On 04/12/21(Sat) 01:02, Alexander Bluhm wrote:
> Hi,
>
> As I want a read-only net lock for forwarding, all paths should be
> checked for the correct net lock and asserts. I found code in
> in_pcbhashlookup() where reading the PCB table results in a write
> to optimize the cache.
>
> Porperly protecting PCB hashes is out of scope for parallel forwarding.
> Can we get away with this hack? Only update the cache when we are
> in TCP oder UDP stack with the write lock. The access from pf is
> read-only.
>
> NET_WLOCKED() indicates whether we may change data structures.

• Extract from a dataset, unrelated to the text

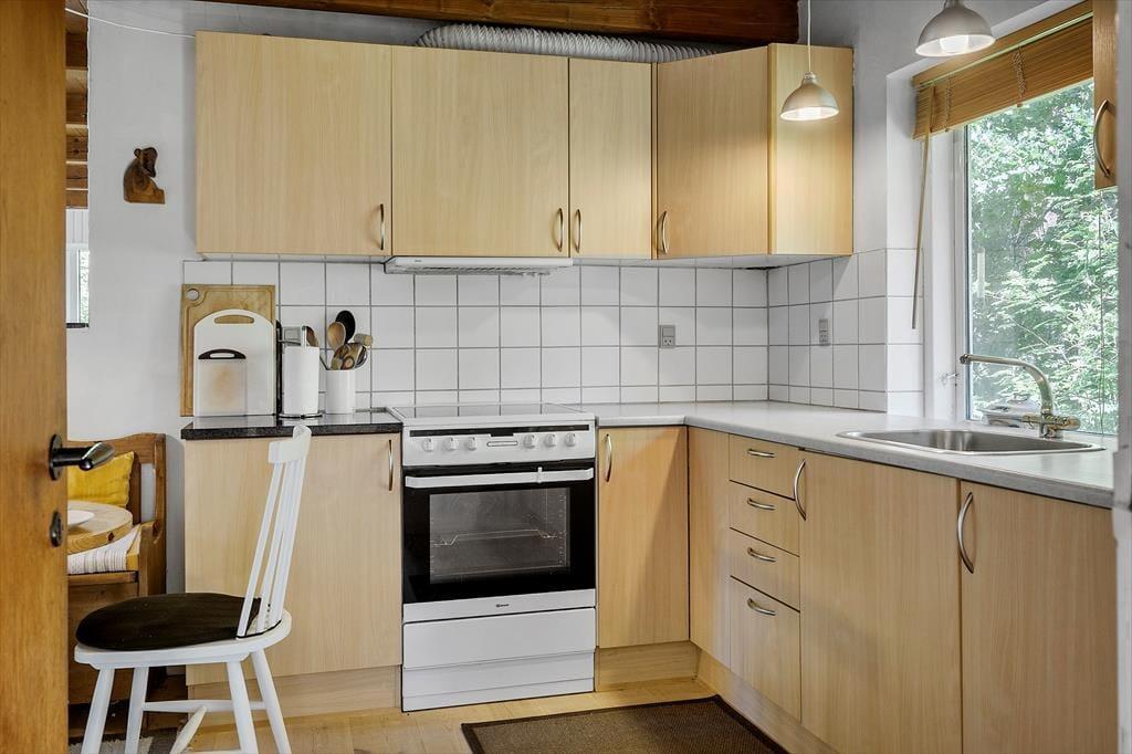 Schönes Ferienhaus mit einer nach Süden gerichteten Sonnenterrasse. Das hell und gemütlich eingerichtete Urlaubsdomizil besticht mit großen Fenstern, die einen wunderbaren Lichteinfall gewähren und Ihnen eine schöne Aussicht bieten. Vor der großen Fensterpartie im Wohnraum können Sie es sich auf dem Sofa gemütlich machen und die Aussicht und die heimelige Wärme des knisternden Kaminofens genießen. Der Fernseher empfängt dänische und deutsche Fernsehsender. In offener Verbindung zum Wohnraum befindet sich die gemütliche kleine Küche, in deren Verlängerung Sie ein Essbereich erwartet. Die vier Schlafplätze verteilen sich auf zwei Schlafräume, von denen einer zusätzlich mit einem Schreibtisch und einem Kleiderschrank ausgestattet ist. Eine kostenlose Internetverbindung steht auch zu Ihrer Verfügung.

I recall that we currently do not want to introduce such idiom: change
the behavior of the code depending on which lock is held by the caller.
Can we instead assert that a write-lock is held before modifying the
list?
> Also move the assert from pf to in_pcb where the critical section
> is.
>
> bluhm
>
> Index: net/pf.c
> ===================================================================
> RCS file: /data/mirror/openbsd/cvs/src/sys/net/pf.c,v
> retrieving revision 1.1122
> diff -u -p -r1.1122 pf.c
> --- net/pf.c 7 Jul 2021 18:38:25 -0000 1.1122
> +++ net/pf.c 3 Dec 2021 22:20:32 -0000
> @@ -3317,14 +3317,12 @@ pf_socket_lookup(struct pf_pdesc *pd)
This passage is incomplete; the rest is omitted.